DISCLAIMER: This is an opinion piece, counterarguing another article on why we also support the festival, of which you can read here.
Growing up, Reading and Leeds always felt like somewhat of a spiritual home for alternative. It wasn’t the bullet-belt-sporting, ale-drinking, macho bravado of Download or Sonisphere, but it was somewhere where you were able to let your freak flag proudly fly to the tune of the worlds best rock and metal bands. Yet, here we are in 2018. Reading and Leeds have just announced the lineup for their 29th instalment, including artists like Fall Out Boy, Post Malone and Skepta. However, there is one question that seems to be rife among the rock and metal community: Where the hell are all of the rock bands?
“It wasn’t the bullet-belt-sporting, ale-drinking, macho bravado of Download or Sonisphere…”

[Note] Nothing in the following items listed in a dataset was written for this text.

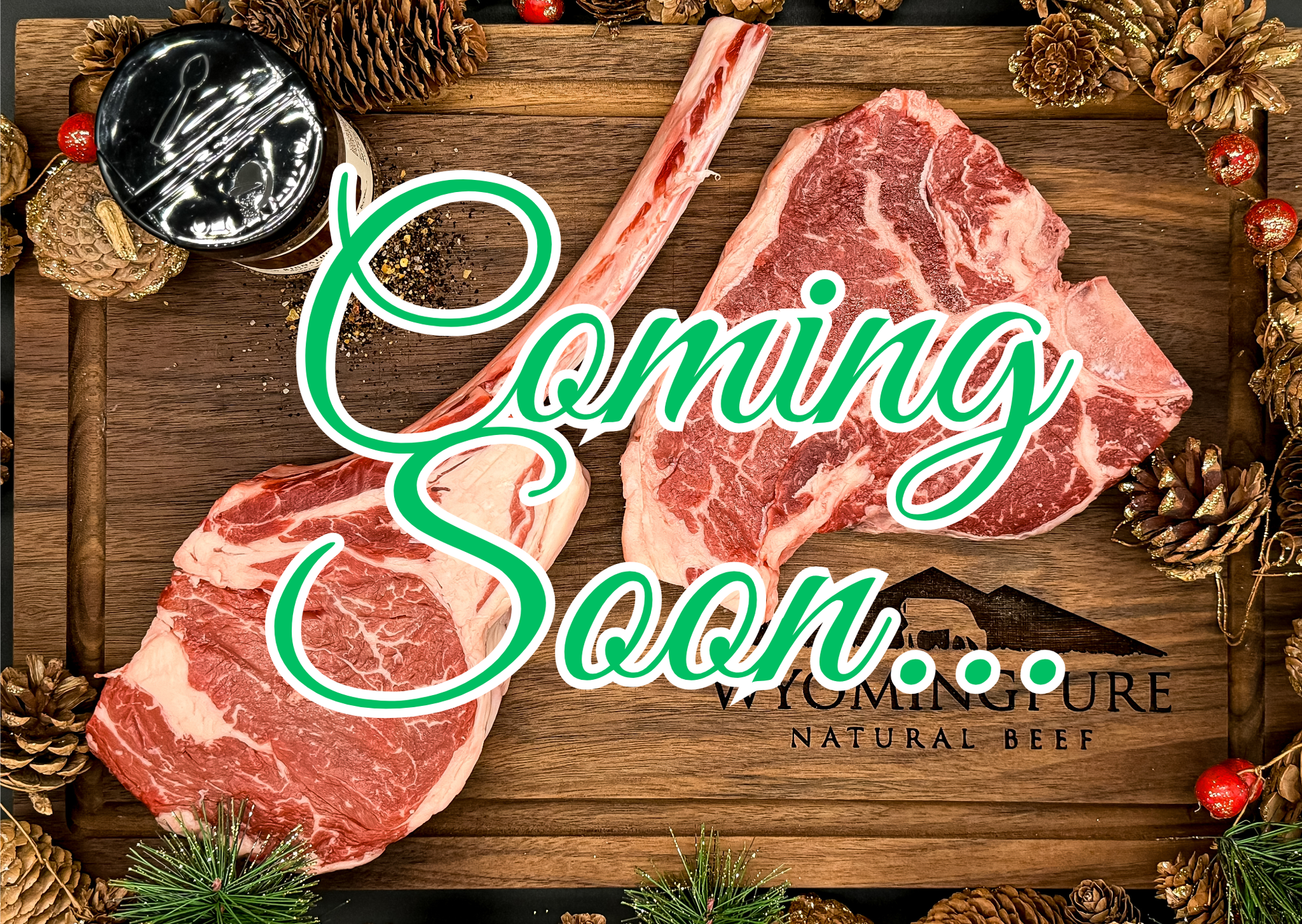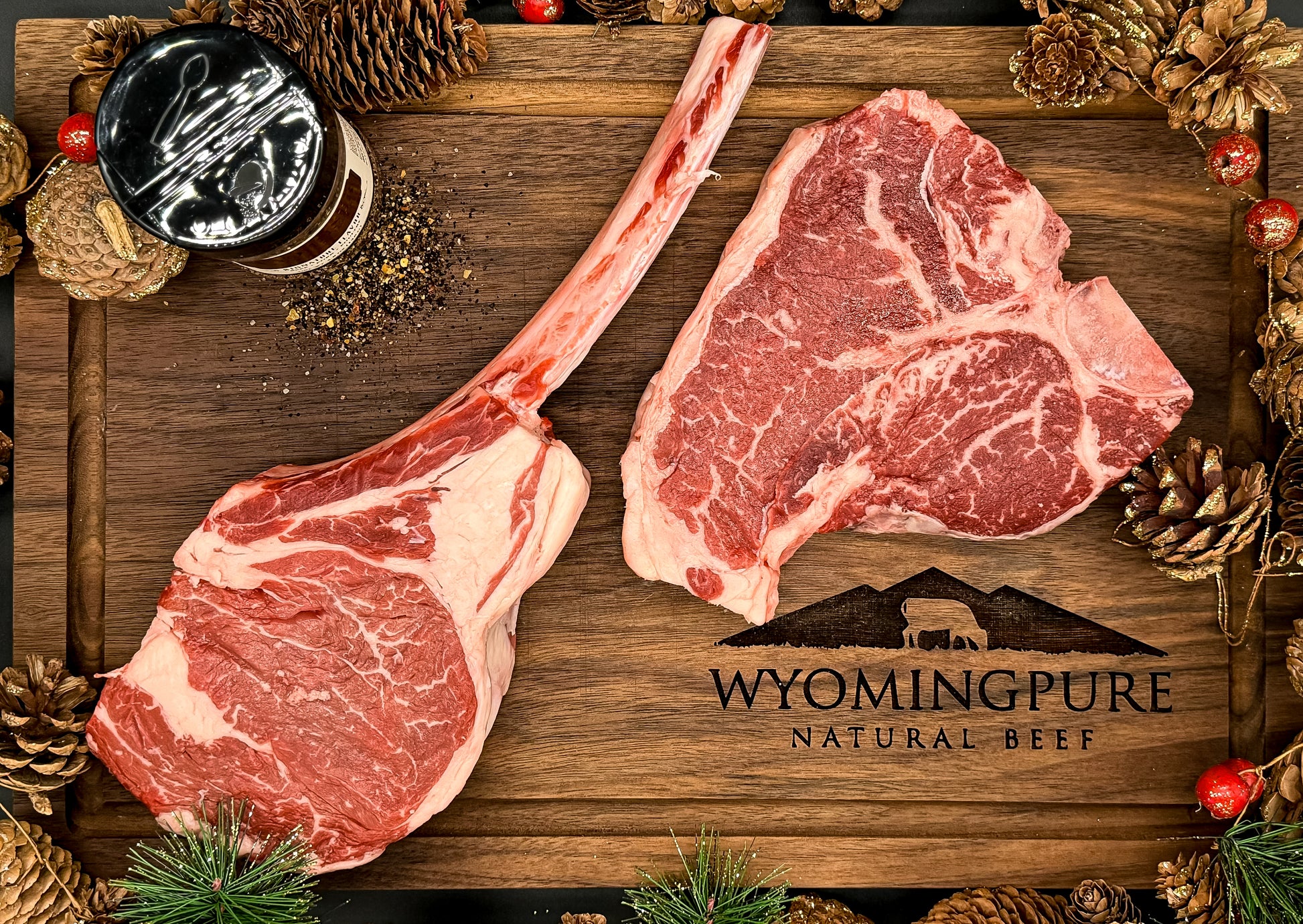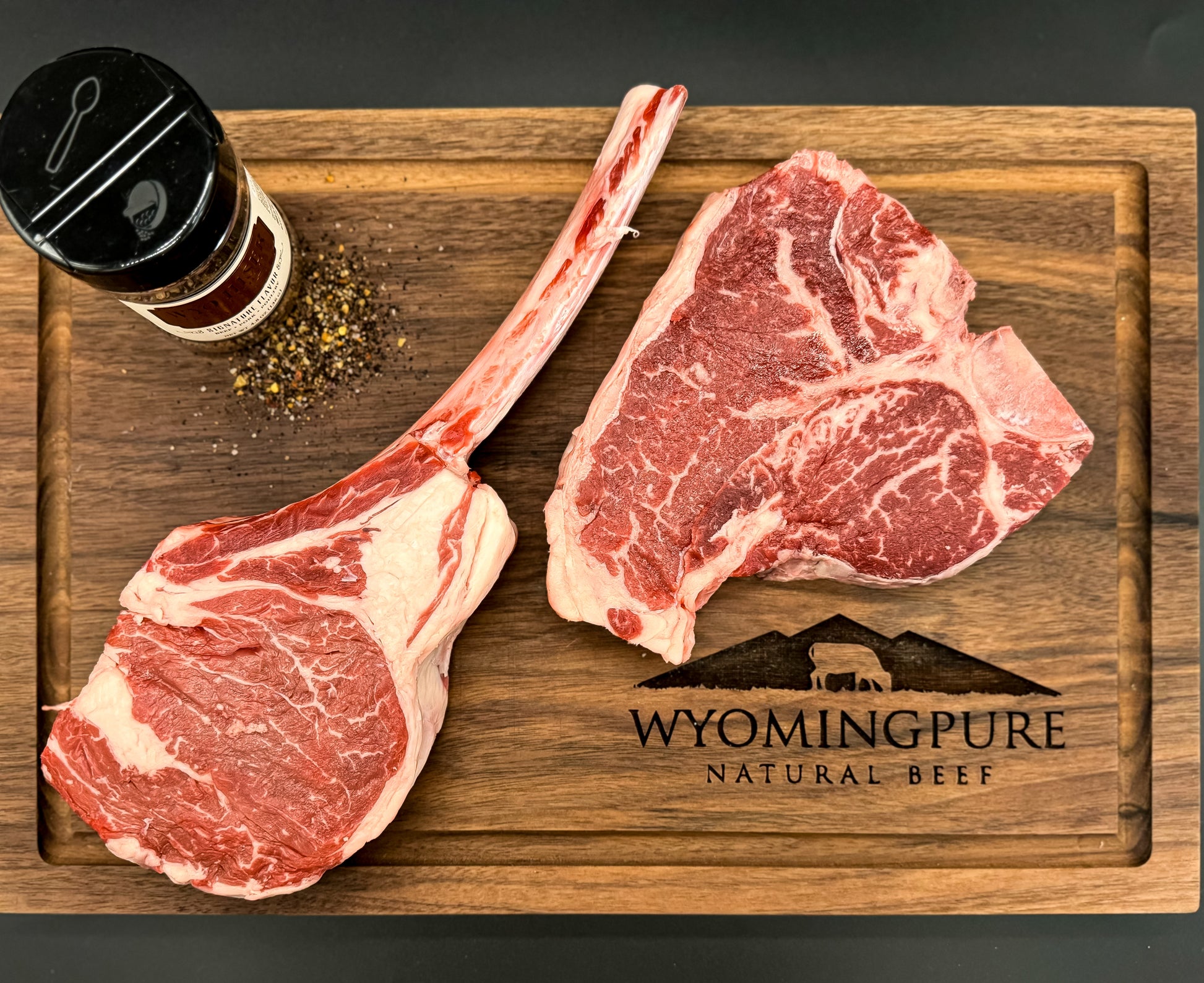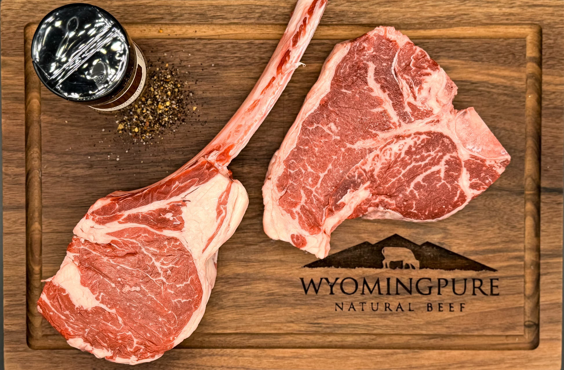 Trail Boss Original: A massive 36-40 oz Tomahawk Steak with 2 porterhouses and a jar of our favorite WyoHiser seasoning.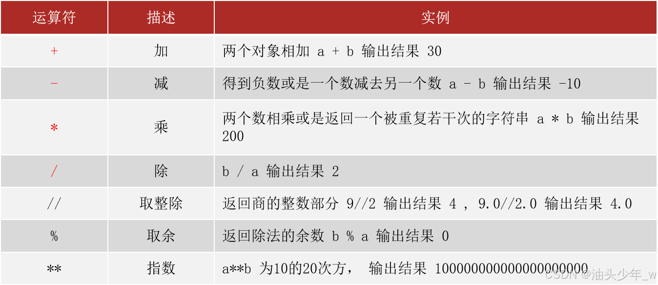 | 字符串(文本) | "键盘敲烂,月薪过万" | 程序中需要加上双引号来表示字符串 |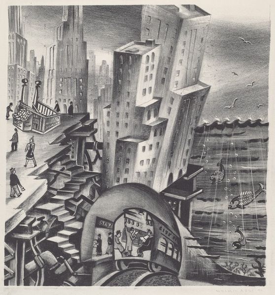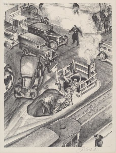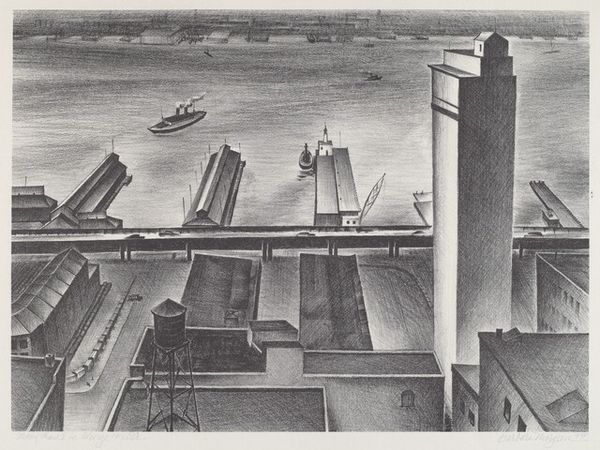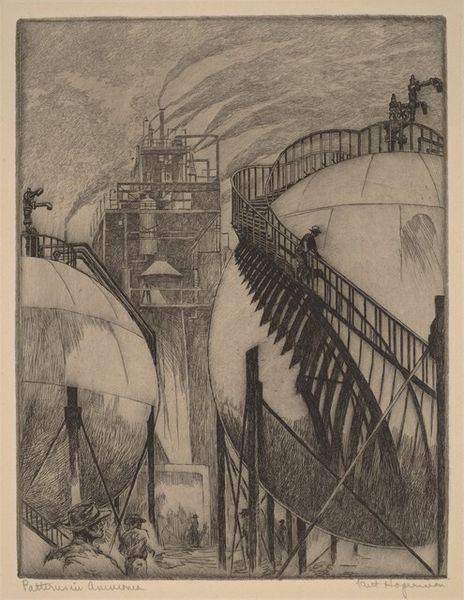 Curator: Let's turn our attention to "Downtown San Francisco From Montgomery Terrace - Telegraph Hill," an etching completed by Otis Oldfield in 1937. Editor: It’s got a melancholic feel, wouldn't you say? The density of the graphite mimics the dense urban atmosphere, the heavy smog feels oppressive. Curator: Oldfield was deeply interested in depicting the industrial landscape, focusing intently on the process involved in creating the built environment, which seems particularly visible here. Note how he foregrounds the textures of the street and buildings themselves. The lines almost vibrate. Editor: Right, and that process tells a story. The smoke stacks churning in the background point to production and consumption—the lifeblood, but also the potential self-destruction, of a rapidly modernizing society, a tension embodied here in the built versus the unbuilt. Think of all the manual labour constructing a city during that era. Curator: Precisely. The very materiality speaks to the period of tremendous building projects undertaken in San Francisco during the 30s, particularly connected to the Golden Gate International Exposition. We should observe the contrast with the car – mass production meeting the handmade and aging buildings. Editor: Absolutely. The lone car strikes me as particularly poignant, too, it feels symbolic of the aspirational, yet often unfulfilled promises of the era. Cars afforded freedom to a growing middle class, that didn't apply across the spectrum of race, gender, and class. There’s a real tension. Curator: The way the fog seems to engulf everything reinforces that tension for sure. This etching gives us access to that complicated interwar period, through its methods of making. The density of detail is fascinating in the work and effort evident. Editor: It reminds me that progress isn’t linear or universal. This artwork makes me ponder how societal promises actually play out and what or who is left behind. Curator: Yes, the work shows both the potential and the very real limits of the era's prevailing ideology of modernization and industrial development. Editor: Indeed. A dense picture offering a window into dense times.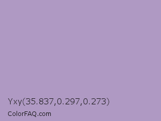 Yxy 35.837,0.297,0.273 Color is a light purple color and the nearest color is East Side #ac91ce. Hex code #af99c3 and RGB value is rgb(175,153,195). In RGB color space, this color is composed of 69% red, 60% green, 76% blue, In CMYK color space, this color is composed of 10% cyan, 22% magenta, 0% yellow , 24% black , In HSL color space, this color has a hue angle of 271° , 26% saturation and 68% lightness.
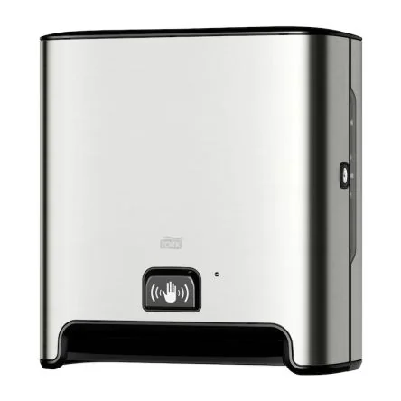 Experience touchless convenience with the Tork Plastic Steel Hand Towel Dispenser.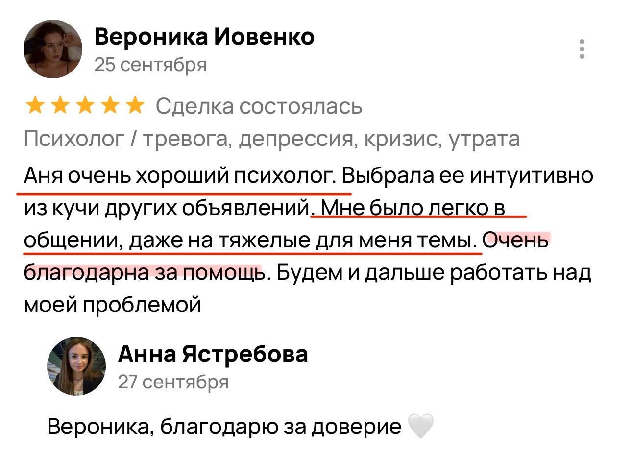 - Не работаю с парами, семьями, людьми младше 18 лет, людьми с химическими зависимостями и вопросами половой (гендерной) идентификации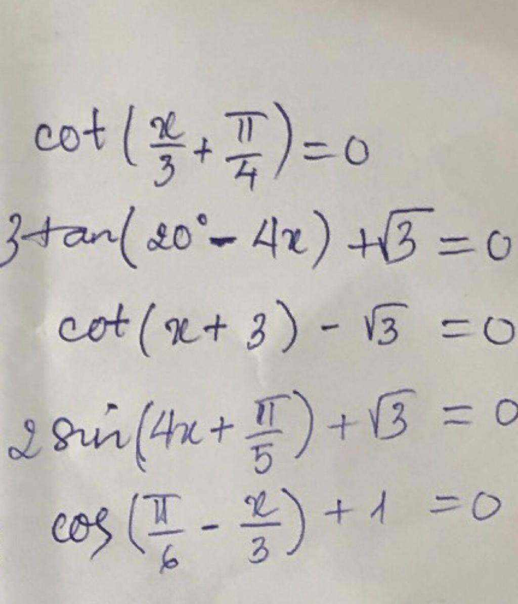 $\Leftrightarrow \cot \bigg(\dfrac{x}{3} + \dfrac{\pi}{4}\bigg) = \cot \dfrac{\pi}{2}$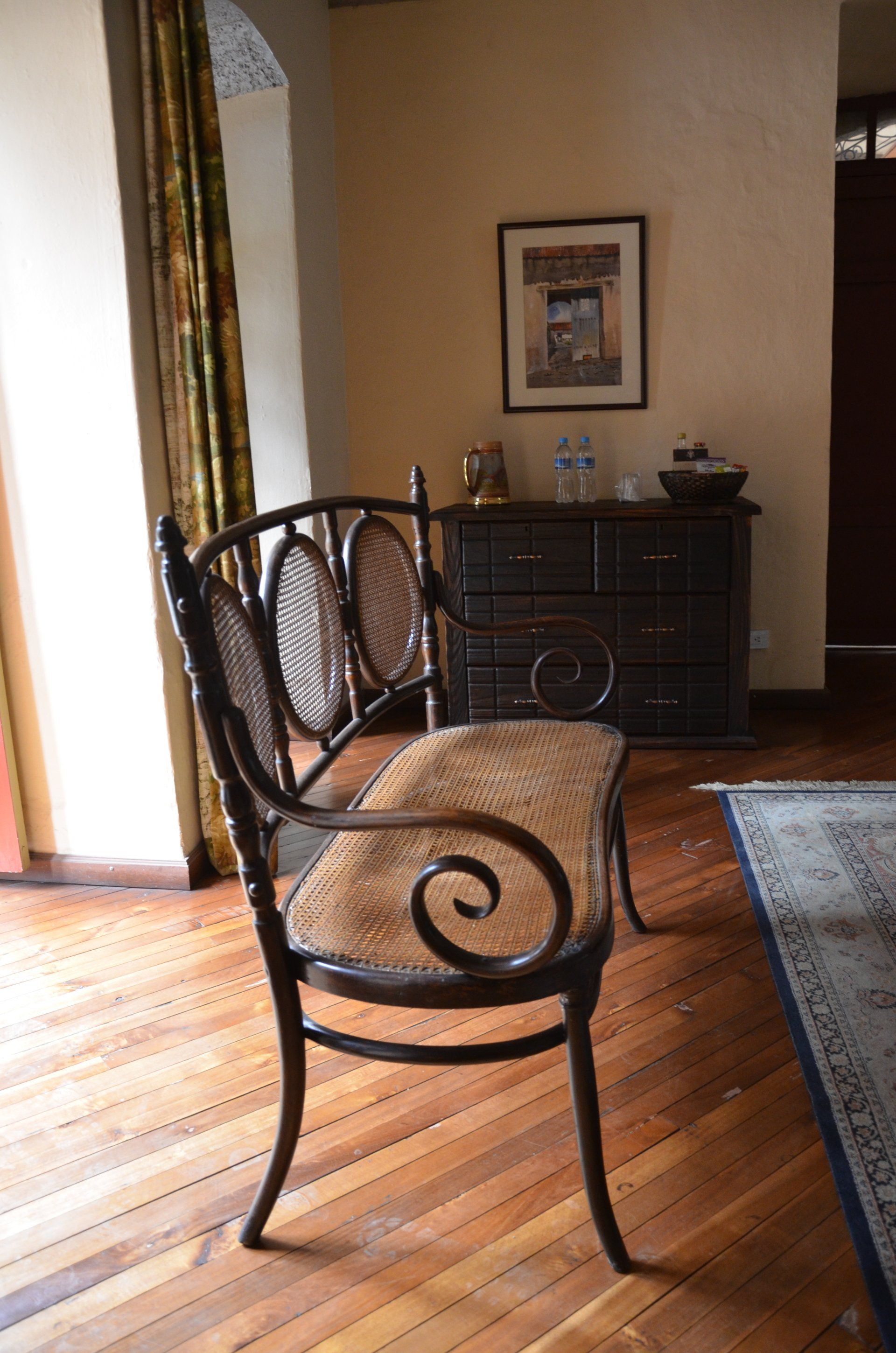 Wir beziehen unser Zimmer, das Bad scheint recht neu zu sein, alles ist sehr sauber, aber eher einfach. In unserem Zimmer, obwohl recht groß, steht nur ein Schaukelstuhl, aber kein Stuhl. Nachdem ich frage, ob wir noch einen Stuhl bekommen könnten, werden gleich zwei gebracht. Die Frage, ob wir auch noch einen Tisch möchten, beantworte ich mit: „Oh ja, sehr gerne, wenn es nicht zu viele Mühen macht“. Mein Mann verdreht schon die Augen und fragt mich später, ob wir nicht gleich den ganzen Hausstand ins Zimmer holen wollen …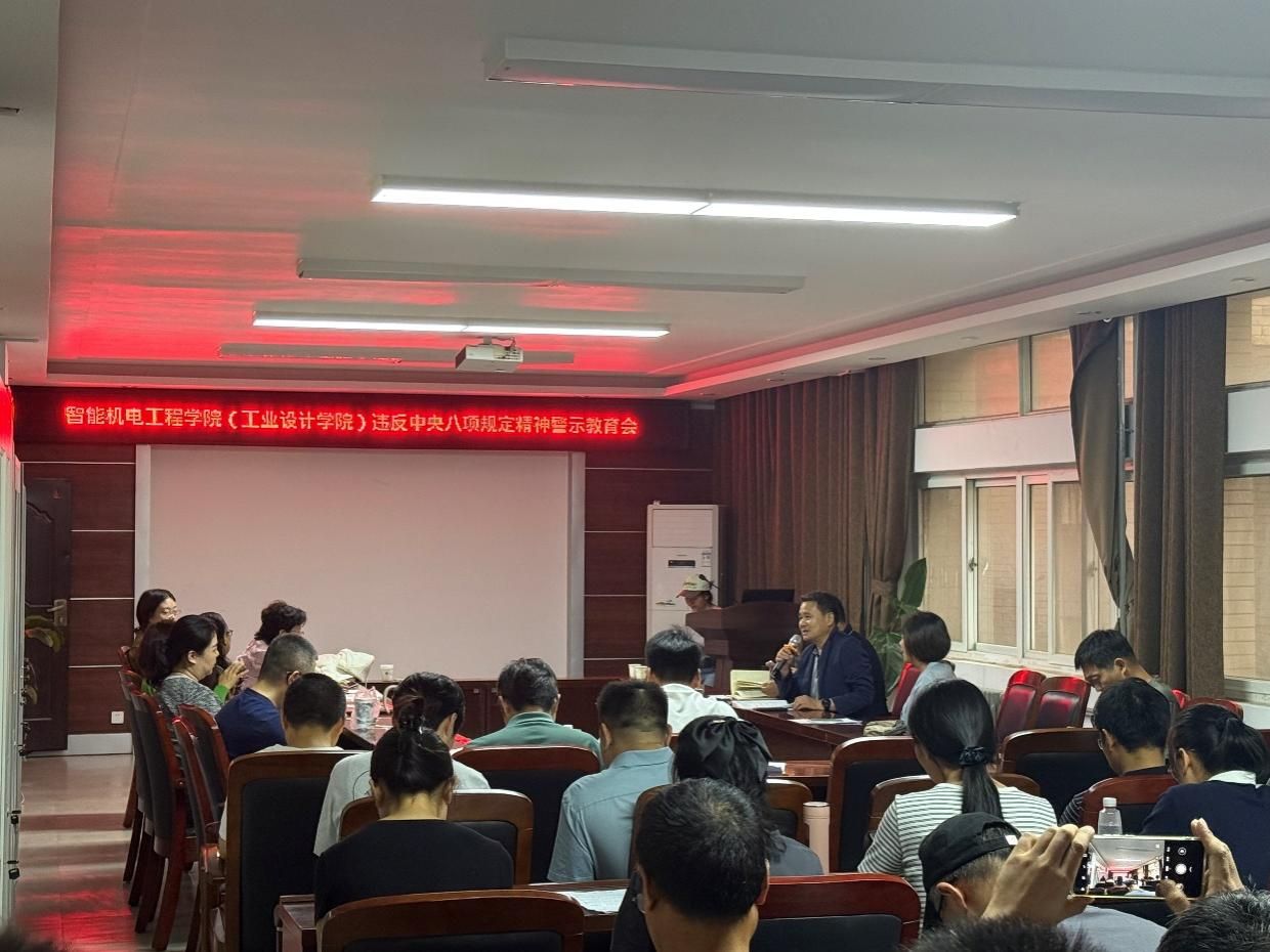 5月23日,学院在龙湖校区8号楼301会议室召开违反中央八项规定精神警示教育会,深入学习贯彻习近平总书记关于加强党的作风建设的重要论述和关于开展深入贯彻中央八项规定精神学习教育的重要讲话重要指示精神,学习传达学校违反中央八项规定精神警示教育会精神,剖析违反中央八项规定精神典型案例,以案说德、以案说纪、以案说法、以案说责,切实筑牢公司党员、干部、广大教职工拒腐防变思想防线。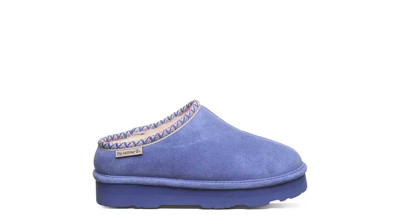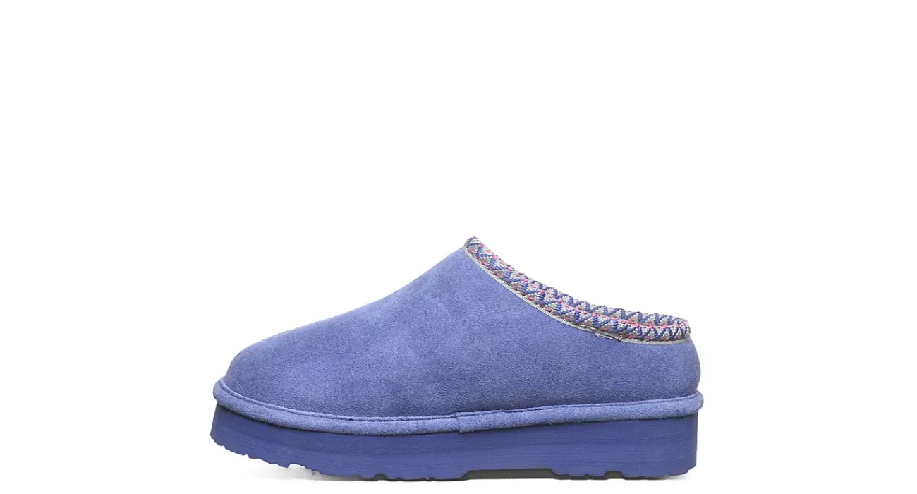 Go wherever you need to go in the Martis women’s platform slipper from Bearpaw. With a suede upper treated with BearCoat® Rain and Stain repellent featuring a warm wool blend lining, this slipper cradles your foot. The removable wool blend footbed comforts, while platform rubber outsole adds height for errands or just lounging around the house.

Reading and Leeds have always had a rich heritage of alternative music. Even as recently as 2015, the Saturday bill at Reading was very much the ‘rock day’, showcasing bands like a reunited Alexisonfire, Marmozets’ massive final shows of ‘The Weird and Wonderful’ album cycle and being topped off by possibly the biggest metal band to ever walk the Earth, Metallica. So where has that gone? Rock music is in the best place it has been for years, with new and exciting bands crying out for a festival like R&L to give them the support that they desperately need in order to progress and grow as artists. Yet this year’s instalment is full of pop, dance and hip-hop that simply doesn’t relate in the slightest to the guise of Reading that I grew up with.
One of the major problems with R&L over the last couple of years (with this years lineup being a particular culprit) is the fact that the lineups feel incredibly safe. Reading and Leeds have always had a knack of pissing people off. Be it the billing of My Chemical Romance above Slayer in 2006, or the controversial drafting-in of Bring Me the Horizon to replace Slipknot in 2008, R&L have never been afraid to take a chance on something fresh and exciting, even if it upsets existing festival punters. However, looking at this year, gone are the risks in favour of bland pop-rock, like Fall Out Boy and Waterparks.
Above: Reading and Leeds festival exactly 10 years ago.
It would be unfair to argue that rock is completely unrepresented. To see Creeper, Underøath and Beartooth flying the alternative flag is amazing, however, a festival with the heritage of Reading and Leeds should have more. It’s hard to see how a band like Creeper won’t stick out like a sore thumb being billed between Waterparks and whoever the fuck Kojo Funds is. This is the crux of the problem. Reading and Leeds feels like it’s having an identity crisis, booking a whole host of acts from across the board in a vain attempt to appeal to everyone and their nan. It could be argued that R&L are trying to pull a ‘Metallica X Glastonbury’ moment, however, the true rock bands representing the scene at Reading and Leeds this year simply do not have the crossover pulling power that Metallica had over Glastonbury. This ultimately could lead to more My Chem, 2006 moments and nobody wants that for a band as good as Creeper.
Above: Discovered interviewing Thrice, Leeds Festival circa 2015
As far as the rock community is concerned, we’ve lost Reading and Leeds. However, is this a bad thing? Obviously, it’s a massive loss, as some of the most iconic festival moments from the world of rock and metal have taken place within the confines of R&L. Be it, Nirvana’s blistering headliner in 1992 or the triumphant return of Rage Against the Machine in 2008, Reading and Leeds have hosted some of the biggest landmarks in rock history. However, with the loss of Reading and Leeds as a rock festival, it could be argued that it leaves room for other rock based festivals to grow and expand. This has already started to happen, with Download introducing the Avalanche stage to house alternative rock, hardcore and punk bands, it seems as though the once ‘Reading and Leeds bands’ may have found themselves a new home.
To say it’s a disappointment that Reading and Leeds are giving rock and metal the boot is an understatement. Gone are the days of drinking Carling in the sun, while watching a slew of incredible bands kick off on the main stage over August bank holiday weekend, in favour of dodging post-exam teens covered in glitter who are ‘beyond excited to watch Imagine Dragons’. Will there be a saving grace? Will the next announcement bring us peace? What does the future really hold for this festival in the alternative realm?